Area209 / Area1 = k[209^(2/3)] / k[1^(2/3)] = 209^(2/3)

To find the ratio of the surface areas of the two spheres, we need to calculate the areas and then divide them.

The formula for the surface area of a sphere is:

Surface Area = 4 * π * r^2

Where r is the radius of the sphere.
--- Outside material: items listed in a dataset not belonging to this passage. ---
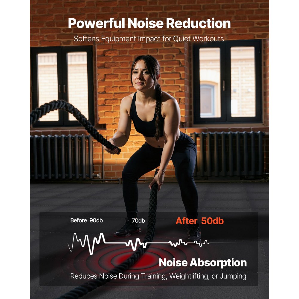 Reducción eficaz de ruido y golpes: La goma gruesa de la alfombrilla para equipos de fitness reduce la vibración y el ruido del equipo, ideal para apartamentos y gimnasios en garajes
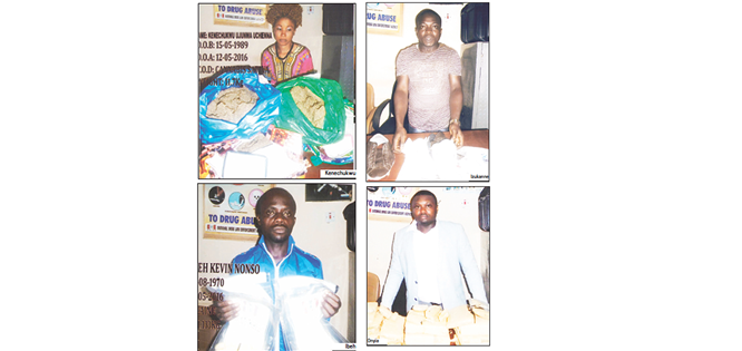 The only female among them, Kenechukwu Uchenna, 27, was arrested on her way to Dubai with 11.7kg of cannabis in dried bitter leaf vegetables.” The commander mentioned other suspects as Agwu Kalu, 30, who was found with 25kg of cannabis in cartons and Okpara Chigozie, 43, caught with 7.500kg of cannabis in his bag. Kalu and Chigozie were both arrested on their way to China. Another suspect, Onyia Clinton, 26, had 16.350kg of cannabis in his luggage during screening of passengers to Doha.
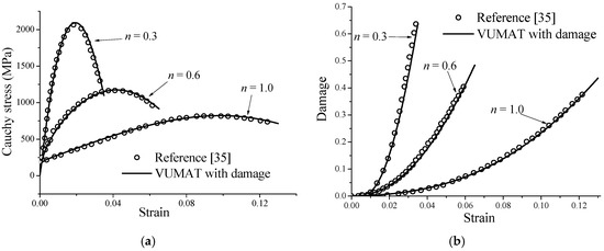 Validation of the numerical implementation of the fully coupled elastic–plastic–damage model with respect to reference solutions taken from [35] for the three studied materials: (a) uniaxial tensile stress–strain curves; and (b) damage evolution.
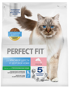 Рацион PERFECT FIT HAIR & SKIN с лососем разработан специально для поддержания здоровья кожи и красоты шерсти кошки.
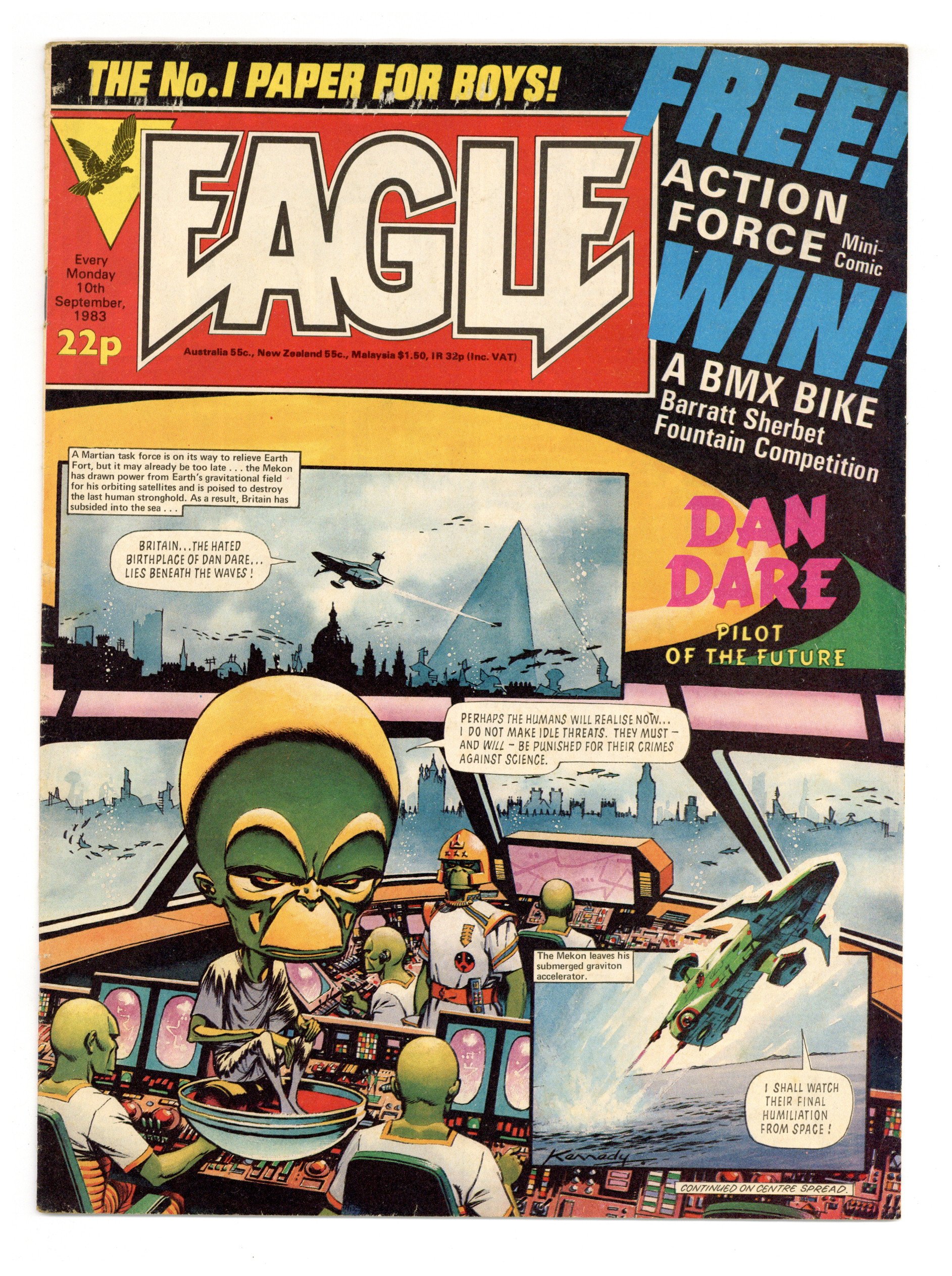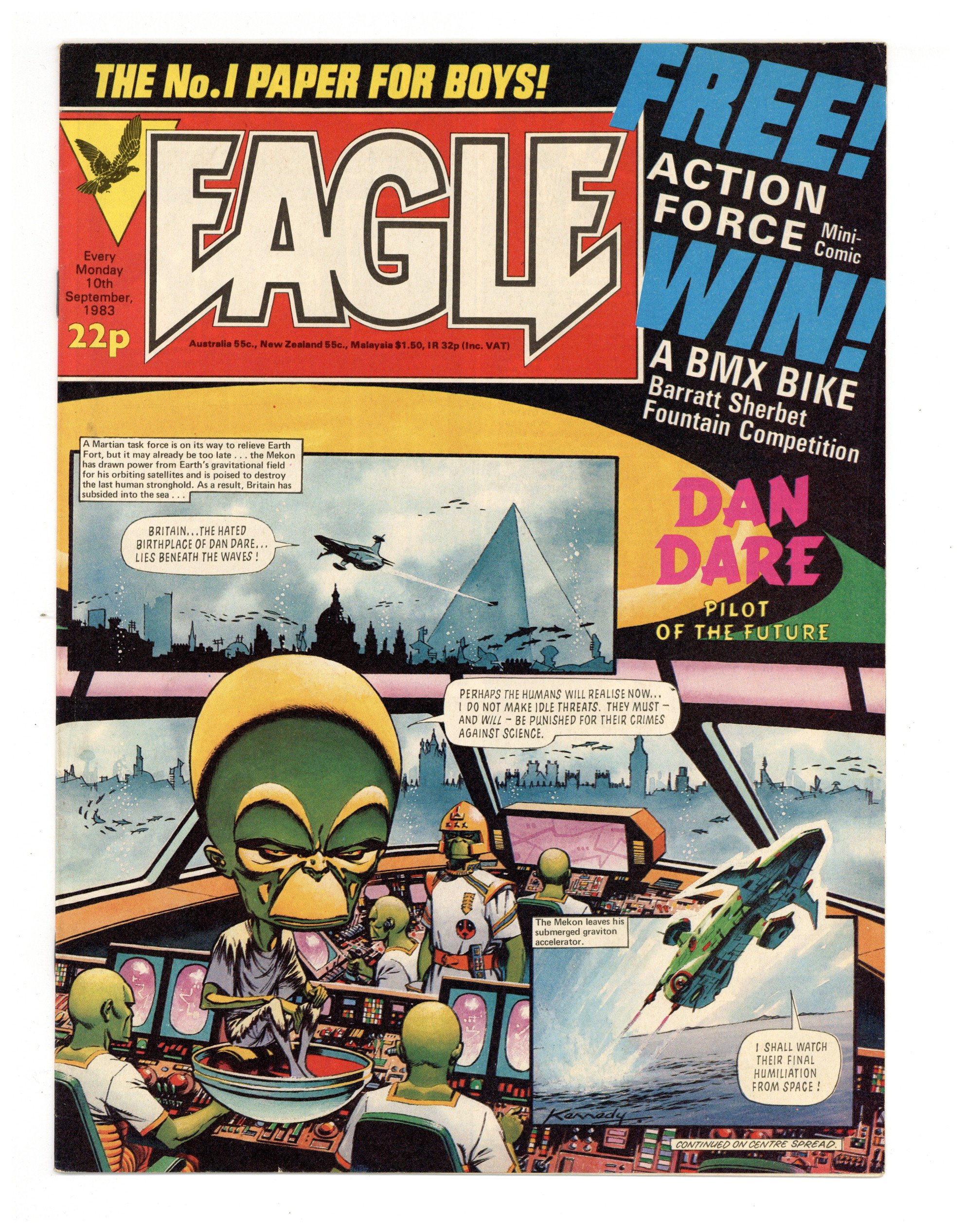 Issue #77 - Sept. 10, 1983. Features Dan Dare by Pat Mills and Ian Kennedy, The Hand by Gerry Finlay and Vanyo, Crowe Street Comp by Fred Baker and Rex Archer, One-Eyed Jack. Plus fumetti and text articles. 8 1/2-in. x 11 1/2-in., 30 pages, B&W and color.

In this case, we don't have the radius directly, but we have the nucleon number, which is proportional to the mass number (A), given by:

A = number of protons (Z) + number of neutrons (N)

Let's calculate the radii (r1 and r209) for the two spheres:

For the smallest nucleus with a nucleon number of 1, we have A1 = 1.
We assume that the nucleus is a hydrogen atom, which has one proton and no neutrons.
So, Z1 = 1, and N1 = 0.
A1 = Z1 + N1 = 1.
Therefore, r1 = A1^(1/3) = 1^(1/3) = 1.

For the largest nucleus with a nucleon number of 209, we have A209 = 209.
We assume that the nucleus is lead-209, which has 82 protons and 127 neutrons.
So, Z209 = 82, and N209 = 127.
A209 = Z209 + N209 = 82 + 127 = 209.
Therefore, r209 = A209^(1/3) = 209^(1/3) ≈ 5.96.

Now, let's calculate the surface areas of the spheres using the formula:

Surface Area1 = 4 * π * r1^2 = 4 * π * 1^2 = 4 * π.
Surface Area209 = 4 * π * r209^2 = 4 * π * (5.96)^2 ≈ 4 * 3.14 * 35.52 ≈ 445.03 * π.

Finally, we can calculate the ratio of the surface areas:

Ratio = Surface Area209 / Surface Area1 = (445.03 * π) / (4 * π) = 445.03 / 4 ≈ 111.26.

So, the ratio of the surface areas of the spheres is approximately 111.26.